[
https://issues.apache.org/jira/browse/MAPREDUCE-4807?page=com.atlassian.jira.plugin.system.issuetabpanels:all-tabpanel
]
Mariappan Asokan updated MAPREDUCE-4807:
----------------------------------------
Attachment: mapreduce-4807-4809.patch
Hi Alejandro,
I did not want to create a simple mock plugin test for a couple of reasons:
* An end-to-end test for testing the combo of MAPREDUCE-4807 and MAPREDUCE-4809
will test the full MR data flow.
* This is an interesting test that demonstrates how merge operation can be
supported in Hadoop.
Currently, you can do only sort even if you have multiple input files that are
already sorted and you want to merge them. The MapOutputCollector plugin in
the test will route the <key, value> pairs to proper partition such that sort
order is still kept within each partition. This will speed up the map tasks
since O(NlogN) time complexity is reduced to O(N) for a merge.
The reduce tasks will still incur O(NlogN) time in the merge though.
There is one caveat: the test may make the patch size slightly big.
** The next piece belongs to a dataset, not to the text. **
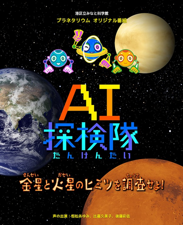 港区立みなと科学館(所在地:東京都港区虎ノ門 館長:布施直人 以下、みなと科学館)では、2023年7月16日(日)から、みなと科学館オリジナルプラネタリウム番組であるAI探検隊の第2弾として「AI探検隊 金星と火星のヒミツを調査せよ!」を投影しています。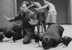Going is a fugue for five performers in five acts, arranged from mannerisms of departure. It concerns going, or attempting to go, when the participants are bound together as closely as the strands of a knotted ring. Attempting to be each other, as opposed to a character, every performer has to learn all the parts, and thus every move and each gesture. Each weaves a role identical to that of the others, into different moments, but of the same role.

I think it
is worth.
Please review and give your feedback.
Thanks.
-- Asokan
> Allow MapOutputBuffer to be pluggable
> -------------------------------------
>
> Key: MAPREDUCE-4807
> URL: https://issues.apache.org/jira/browse/MAPREDUCE-4807
> Project: Hadoop Map/Reduce
> Issue Type: Sub-task
> Affects Versions: 2.0.2-alpha
> Reporter: Arun C Murthy
> Assignee: Mariappan Asokan
> Fix For: 2.0.3-alpha
>
> Attachments: mapreduce-4807-4809.patch, mapreduce-4807.patch,
> mapreduce-4807.patch, mapreduce-4807.patch
>
>
> Allow MapOutputBuffer to be pluggable
--
This message is automatically generated by JIRA.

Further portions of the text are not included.